Come out and take part in this exclusive, interactive workshop with two of the world's most renowed improvised and experimental musicians as they discuss and display their unique instrumental techniques in an intimate setting. Musicians are encouraged to bring instruments and get involved!
Friends and colleagues since 1988, Ikue Mori and Zeena Parkins are two of the strongest musical voices out of the Downtown New York scene. Lynchpins of bands as diverse as DNA, Skeleton Crew, Electric Masada, Hemophiliac and Björk, their duo project Phantom Orchard is the perfect outlet for their unique and personal musical languages and their rapport is evident in each and every piece. Mystery, lyricism and electronic soundscapes from this most dynamic of all dynamic duos.
And as long-time supporters of Toronto’s local music scene, and specifically our town’s rich improvised music community, we are pleased to present the CD release concert for Ken Aldcroft’s Convergence Enemble as part of the X Avant Festival.

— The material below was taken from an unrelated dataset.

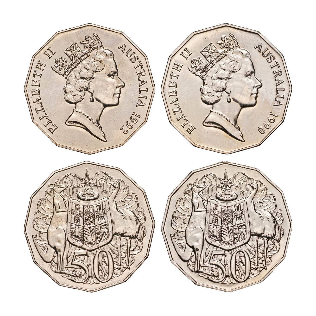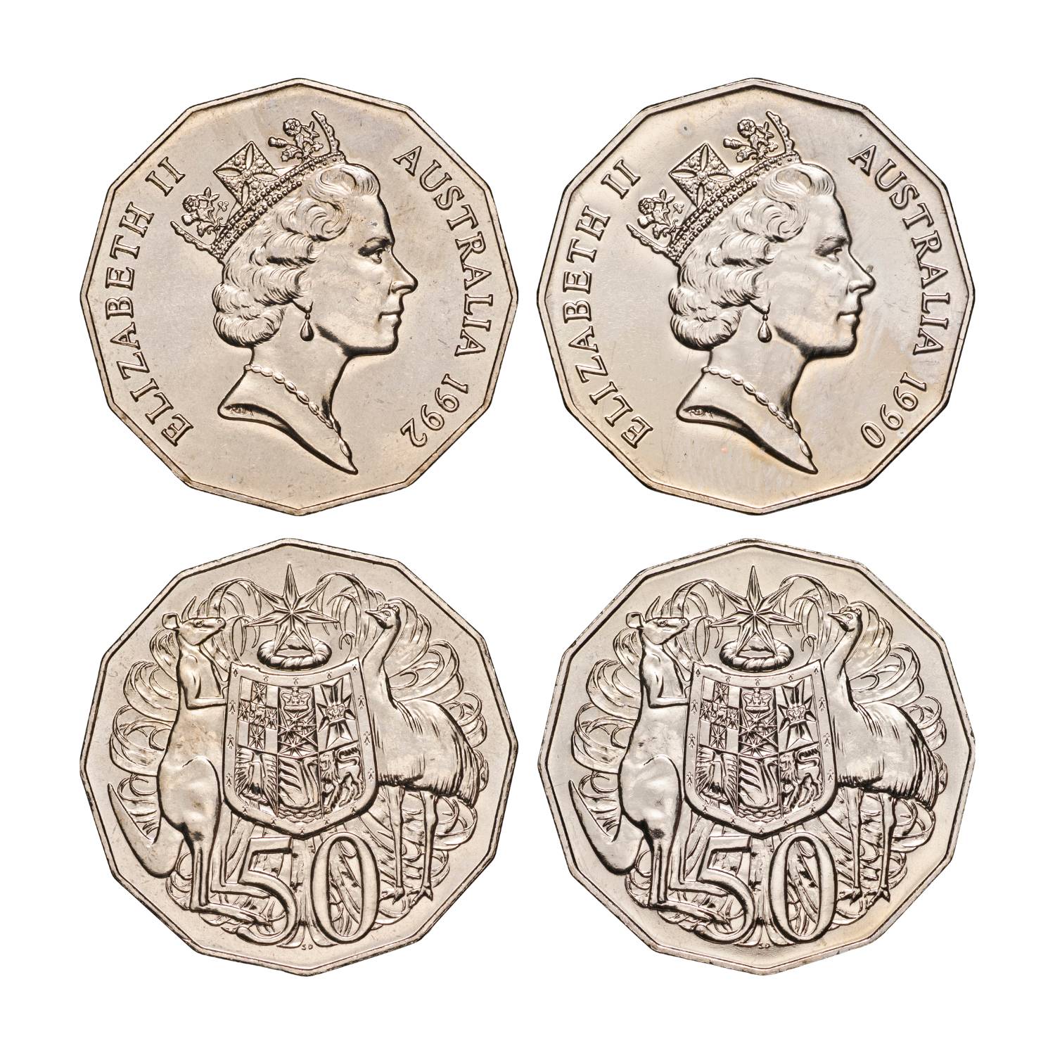 Australia 1990 & 1992 50c Brilliant Uncirculated Coin Pair

Phantom Orchard: Biography
Ikue Mori moved from her native city of Tokyo to New York in 1977. She started playing drums and soon formed the seminal No Wave band DNA, with fellow noise pioneers Arto Lindsay and Tim Wright. DNA enjoyed legendary cult status, while creating a new brand of radical rhythms and dissonant sounds, forever altering the face of rock music.

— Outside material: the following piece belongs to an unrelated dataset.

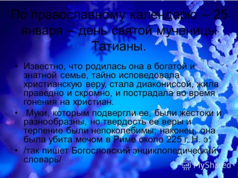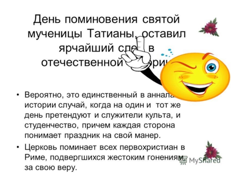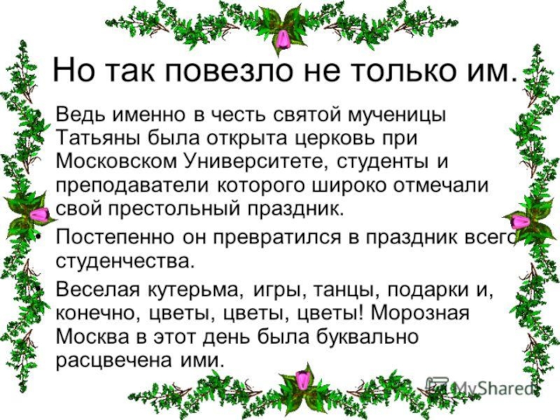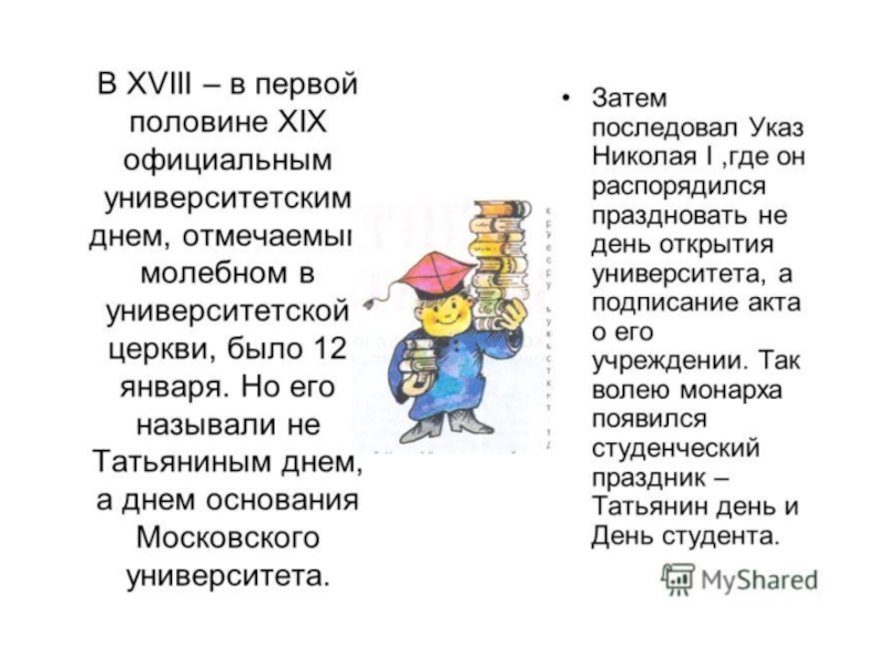 Презентация, доклад День российского студенчества. Татьянин день

In the mid '80s, Ikue started to employ drum machines in the unlikely context of improvised music. She subsequently collaborated with numerous improvisors throughout the US, Europe, and Asia, while continuing to produce and record her own music. In 1998, she was invited to perform with Ensemble Modern as a soloist along with Zeena Parkins, and composer Fred Frith.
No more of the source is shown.